Кира долго, воодушевленно рассказывала заму о том, как любили друг друга она и тот, златокудрый летчик.

– Вы знаете, первый наш поцелуй был три тысячи метров над землей? Мы взлетели с ним на каком-то очень маленьком аппарате. В ушах треск пропеллера, глаза ослеплены солнцем, в легких радостно бушует нездешний, острый и прозрачный воздух. Вдруг он, голубоглазый, воздушный, похожий на ангела, встает на своем месте, бросает управление, руками обнимает меня. Быстрый, крепкий поцелуй и опять к рулю, опять мне – только немного согбенная спина и молодецкие плечи. Он, вероятно, не заметил, что я тихо поцеловала его в правое плечо. Так началась наша любовь.

– Любовь совсем воздушная, – грубовато заметил переплетчик.

– Небесная, как его глаза.

Кира опомнилась: ее правда тяжела для нее самой. Остановилась.

На прощанье она по-матерински поцеловала зама в висок.

– Да, скажите, откуда у вас роза?

– Роза? Какой-то чудак видал меня вчера в спектакле. Я играла легкомысленнейшую француженку – и вот на утро получаю: «От ослепленного зрителя».

– Ха-ха! Здорово! – Зам искренно рассмеялся.

Пропала в нем теплота, пропала откровенность. Воспряв от любовных сил, душа его обувалась в привычные сапоги.

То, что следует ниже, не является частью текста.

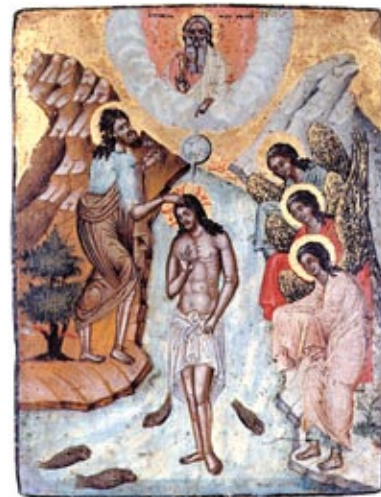
Arte Russa, sec. XVI Il Battesimo di Gesù Pinacoteca Vaticana Sala XVIII

Non è senza significato che i Musei Vaticani, Musei identitari del cattolicesimo universale, abbiano una sezione dedicata alle icone e che, di questa, il primo nucleo collezionistico sia antico di tre secoli.
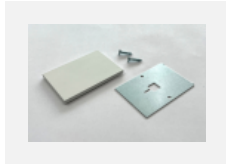
145-50102, W 2 x Metall-Endkappe ohne Schrauben

– А можно полюбопытствовать? Записочку? – как-то взвизгнув, произнес зам и просительно сощурил глаза, как гадалка.

– Нате, – нерешительно, как всегда чарующе-лениво ответила Кира, подавая записку.

– А! Вот оно что! Мерси! А, дурак, старый хрыч. А! – вскрикивал зам с каким-то тяжелым придыханием. Так охают мясники, ударяя топором по коровьей туше. – А! я знаю, это кто писал – знаете это кто?

– Нет. Да мне и неинтересно.

Из-за этой розы, из-за того, что он узнал, кто именно прислал ее, зам вдруг возненавидел самого себя за то, что так много наговорил этой женщине. Этой женщине, которая всю его откровенность, всю – черт бы ее подрал! – любовь в лучшем случае заколет к виску своих пышных волос и зачислит его, непреклонного борца, энергичного деятеля, в разряд «ослепленных зрителей»! Возненавидел себя зам. А потому больше всего – других.

* * *

– Товарищи! – говорил он на заседании. – Партия наша имеет право коснуться до самых тонких моральных вопросов. Чтобы еще больше сплотить наши ряды, мы должны морализировать партию. Поэтому, если некоторые товарищи говорят, что дело Обрывова не подлежит, я заявляю, что оно подлежит окончательному и всестороннейшему рассмотрению. Каковы мотивы? На его глазах вместо него растерзали другого! Растерзали человека, не столь нужного для революции, как сам Обрывов. Жизнью фактически ненужного для революции человека спасся нужный для нас гражданин. Простите за «гражданина», в дальнейшем увидите ему обоснование. Спасся, и все было бы хорошо, но он, будучи отроду интеллигентом, вдруг стал каяться.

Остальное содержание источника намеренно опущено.